RE: India Plate
May 8, 2020 at 2:38 am
(This post was last modified: May 8, 2020 at 2:55 am by Anomalocaris.)
(May 7, 2020 at 8:16 pm)Gawdzilla Sama Wrote:(May 7, 2020 at 6:27 pm)Anomalocaris Wrote: Well, that depends on how one defines language.No, it doesn't.
Quote:Pangaea or Pangea ( /pænˈdʒiːə/[1]) was a supercontinent that existed during the late Paleozoic and early Mesozoic eras.[2][3] It assembled from earlier continental units approximately 335 million years ago, and it began to break apart about 175 million years ago.[4] In contrast to the present Earth and its distribution of continental mass, Pangaea was centred on the Equator and surrounded by the superocean Panthalassa. Pangaea is the most recent supercontinent to have existed and the first to be reconstructed by geologists.

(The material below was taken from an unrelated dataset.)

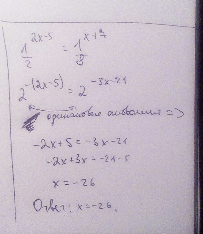 двойки - одинаковые основания, следовательно дальше работаем с показателями

I know when Pangea assembled and when it fragmented. The question is what level of communication sophistication are animals of that era capable of, and at what level of sophistication would we call the communication language.
(May 7, 2020 at 8:39 pm)Deesse23 Wrote:(May 7, 2020 at 8:16 pm)Gawdzilla Sama Wrote: No, it doesn't.Maybe dinosaur language?
Well, 3 things.
1. Many dinosaurs have anatomical features interpreted to support specialized vocalization.
2. One branch of dinosaurs is directly ancestral to birds, and likely possessed brains organized similarly to birds.
3. Of all animals ever studied, babbler birds come closest to having a human like auditory language. Closer than possessed by any extent primate. https://www.sciencedaily.com/releases/20...152230.htm
This doesn’t prove any dinosaurs had language precursors. But if you were to ask me whether it is plausible that babbler like capability for language precursors may have existed in bird lineage all the way back to non-avian dinosaurs, I would say nothing rules it out.